Capítulo 5: Mal augurio
De nuevo, el remordimiento remueve mis entrañas sin piedad.
Me siento agobiado y perdido en un laberinto sin salida, buscándole el sentido al grotesco espectáculo del que yo mismo había escrito el guion. Y, aunque, he advertido cómo mi razón se nublaba a merced de la venganza que me ha carcomido durante meses, las pertinaces voces que martillean mi cabeza, no dejan de suplicar clemencia.
Poso mis pies descalzos sobre la húmeda hierba del jardín, observando el cielo encapotado cernirse sobre mi cabeza, al igual que un mal augurio.
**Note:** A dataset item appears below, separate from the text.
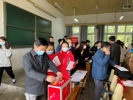 2021年12月1日12:30,马克思主义学院作为洪山区第三选区第19选举小组,开展洪山区人大代表选举活动。考虑防疫要求,教师、研究生在1号楼301教室进行投票,本科生在1号楼4楼大厅进行投票,按程序完成各项选举任务。

Me siento en la hierba, y me llevo las manos al pecho, deslizando mis yemas por la placa que cubre parte de mi torso.
Y es que, sabía que había algo que me perforaba por dentro cada vez que los lamentos de mi invitada taladraban mis tímpanos, un tormento mucho mayor que cualquier dolor que jamás había experimentado. El presentimiento del que mis pensamientos no dejaban de advertirme: creer que con el culmen de mi venganza mi ira no iba a mitigar un ápice la intensidad con la que me ha estado atormentado todos estos años.
Unos ensordecedores chillidos me alejaron de las divagaciones en las que mi mente había decidido sumergirse. Tratando de no mostrar la debilidad en la que, sabía, que ahora mismo me veía sumido, bajé a trompicones las escaleras del sótano hasta descubrir el origen de los gritos.
-¡Me duele! ¡Por favor, haz algo! -Silvia, aún amarrada al potro de tortura, y con las extremidades completamente dislocadas, no dejaba de proferir alaridos de dolor.
-Parece que se le ha pasado el efecto del calmante. -Intenté, sin éxito, mostrar la entereza que cada vez me costaba más aparentar.
Extraje de un cajón una de las jeringuillas que hacía unas horas había rellenado, con uno de los calmantes más fuertes que tenía. Yo mismo, solía suministrármelo para mitigar el dolor que las prótesis, a menudo, me causaban. Se lo inyecté a Silvia una vez volví a cargar la jeringuilla.
-En unos minutos le hará efecto -espeté con hosquedad. Cuando me dirigía de nuevo al jardín, escuche la voz de Silvia hablándome en un susurro.
-Sergio... -Apreté los puños al oír mi nombre salir de sus labios-. Sé que eres buena persona, no quiero ni imaginar por lo que has tenido que pasar.
Una ráfaga de odio visceral, al igual que una descarga, me atravesó el pecho al oír aquello. Tensé la mandíbula -o lo que me quedaba de ella-, y clavé mis iracundos ojos en los de Silvia.
-No necesito su asquerosa compasión. -La ira comenzó a impregnar las partículas de mi ser, calcinando todas y cada una de mis dudas-. Será usted la que necesite la mía.
Con rabia, accioné por última vez la manivela que hacía girar el torno, dispuesto a terminar lo que había empezado.